What the task requires: Reproduce the listing below from the line with "Le modèle Manon, couteau" to the line with "L’enquête école du", both lines included, character for character, minus any pictures.

Data below:
■ ■ ■ ■ ■ ■ ■
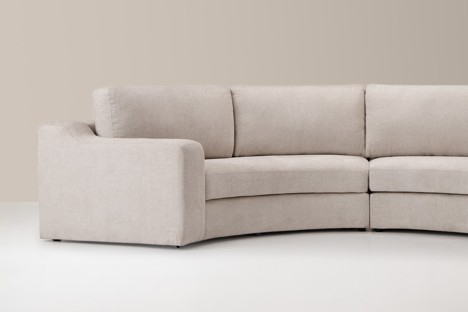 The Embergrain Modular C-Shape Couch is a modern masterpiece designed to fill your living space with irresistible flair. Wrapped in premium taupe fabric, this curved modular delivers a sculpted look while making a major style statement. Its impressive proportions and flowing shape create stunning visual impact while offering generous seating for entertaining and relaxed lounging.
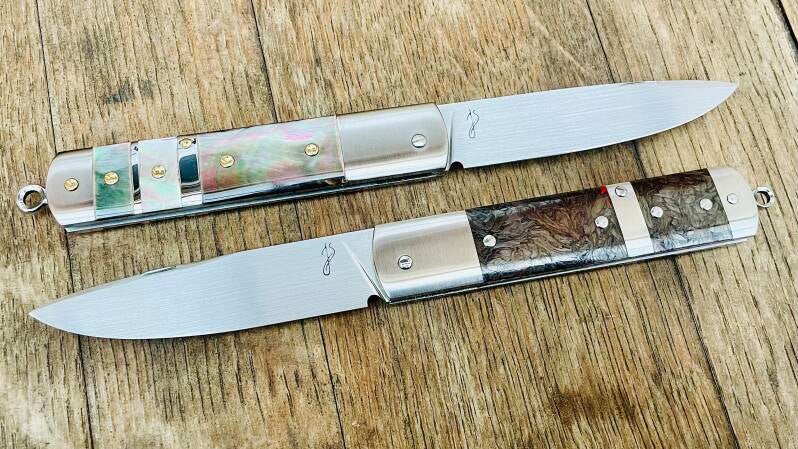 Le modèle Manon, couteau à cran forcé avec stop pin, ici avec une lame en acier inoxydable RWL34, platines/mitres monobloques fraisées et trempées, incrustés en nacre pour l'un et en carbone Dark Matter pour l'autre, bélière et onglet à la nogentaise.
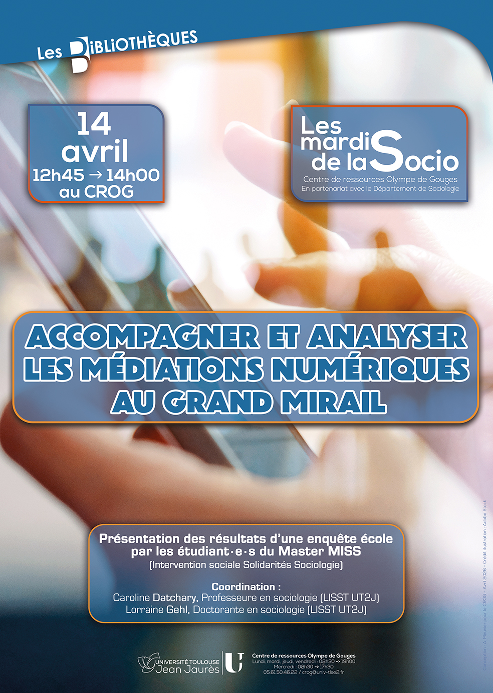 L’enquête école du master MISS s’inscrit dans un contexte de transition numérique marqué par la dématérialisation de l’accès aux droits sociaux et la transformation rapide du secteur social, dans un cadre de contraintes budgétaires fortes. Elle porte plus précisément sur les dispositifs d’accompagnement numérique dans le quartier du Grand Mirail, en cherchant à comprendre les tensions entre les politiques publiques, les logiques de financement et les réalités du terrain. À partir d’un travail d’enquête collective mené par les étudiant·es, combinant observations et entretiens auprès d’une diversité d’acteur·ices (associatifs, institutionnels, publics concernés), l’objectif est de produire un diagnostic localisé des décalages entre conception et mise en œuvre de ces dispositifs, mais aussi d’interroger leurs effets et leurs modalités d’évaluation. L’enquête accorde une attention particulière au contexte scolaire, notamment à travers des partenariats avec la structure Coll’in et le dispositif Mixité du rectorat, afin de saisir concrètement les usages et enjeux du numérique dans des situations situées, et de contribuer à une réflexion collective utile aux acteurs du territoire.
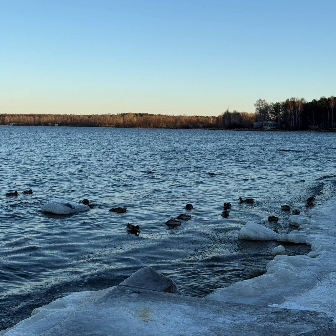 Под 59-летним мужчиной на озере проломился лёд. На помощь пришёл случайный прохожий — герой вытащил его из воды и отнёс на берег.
■ ■ ■ ■ ■ ■ ■
Written answer:
 Le modèle Manon, couteau à cran forcé avec stop pin, ici avec une lame en acier inoxydable RWL34, platines/mitres monobloques fraisées et trempées, incrustés en nacre pour l'un et en carbone Dark Matter pour l'autre, bélière et onglet à la nogentaise.
 L’enquête école du master MISS s’inscrit dans un contexte de transition numérique marqué par la dématérialisation de l’accès aux droits sociaux et la transformation rapide du secteur social, dans un cadre de contraintes budgétaires fortes. Elle porte plus précisément sur les dispositifs d’accompagnement numérique dans le quartier du Grand Mirail, en cherchant à comprendre les tensions entre les politiques publiques, les logiques de financement et les réalités du terrain. À partir d’un travail d’enquête collective mené par les étudiant·es, combinant observations et entretiens auprès d’une diversité d’acteur·ices (associatifs, institutionnels, publics concernés), l’objectif est de produire un diagnostic localisé des décalages entre conception et mise en œuvre de ces dispositifs, mais aussi d’interroger leurs effets et leurs modalités d’évaluation. L’enquête accorde une attention particulière au contexte scolaire, notamment à travers des partenariats avec la structure Coll’in et le dispositif Mixité du rectorat, afin de saisir concrètement les usages et enjeux du numérique dans des situations situées, et de contribuer à une réflexion collective utile aux acteurs du territoire.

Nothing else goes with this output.